Task to carry out: With the pictures set aside, return the lines below exactly, beginning at the first and ending at the line containing "Σχολικό εγχειρίδιο Γ΄".

Input data:
━━━━━━━━━━━━━━━━━━━━━━━━━━━━━━
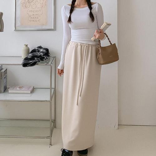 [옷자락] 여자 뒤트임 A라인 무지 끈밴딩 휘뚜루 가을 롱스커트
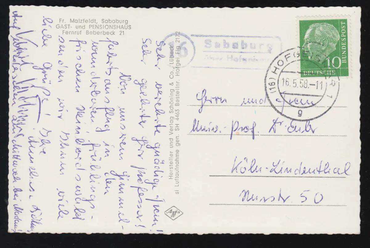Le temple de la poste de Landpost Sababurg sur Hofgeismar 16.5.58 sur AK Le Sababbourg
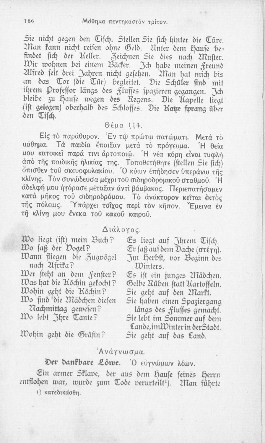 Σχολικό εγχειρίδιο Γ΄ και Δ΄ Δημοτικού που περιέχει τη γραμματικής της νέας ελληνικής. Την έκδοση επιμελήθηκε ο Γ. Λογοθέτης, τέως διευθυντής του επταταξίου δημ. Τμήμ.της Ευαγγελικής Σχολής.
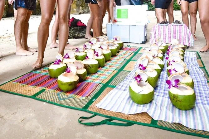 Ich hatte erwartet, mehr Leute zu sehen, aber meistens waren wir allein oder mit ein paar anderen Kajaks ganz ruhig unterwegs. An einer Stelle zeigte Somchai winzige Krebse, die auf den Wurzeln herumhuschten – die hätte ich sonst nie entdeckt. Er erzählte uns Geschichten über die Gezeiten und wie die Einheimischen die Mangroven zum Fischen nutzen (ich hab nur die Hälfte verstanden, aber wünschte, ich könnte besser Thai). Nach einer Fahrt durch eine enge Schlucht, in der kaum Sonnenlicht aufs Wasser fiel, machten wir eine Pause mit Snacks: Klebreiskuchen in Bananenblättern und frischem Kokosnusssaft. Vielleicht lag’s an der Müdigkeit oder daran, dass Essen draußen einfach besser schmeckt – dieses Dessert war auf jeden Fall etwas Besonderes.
━━━━━━━━━━━━━━━━━━━━━━━━━━━━━━
Answer section:
 [옷자락] 여자 뒤트임 A라인 무지 끈밴딩 휘뚜루 가을 롱스커트
Le temple de la poste de Landpost Sababurg sur Hofgeismar 16.5.58 sur AK Le Sababbourg
 Σχολικό εγχειρίδιο Γ΄ και Δ΄ Δημοτικού που περιέχει τη γραμματικής της νέας ελληνικής. Την έκδοση επιμελήθηκε ο Γ. Λογοθέτης, τέως διευθυντής του επταταξίου δημ. Τμήμ.της Ευαγγελικής Σχολής.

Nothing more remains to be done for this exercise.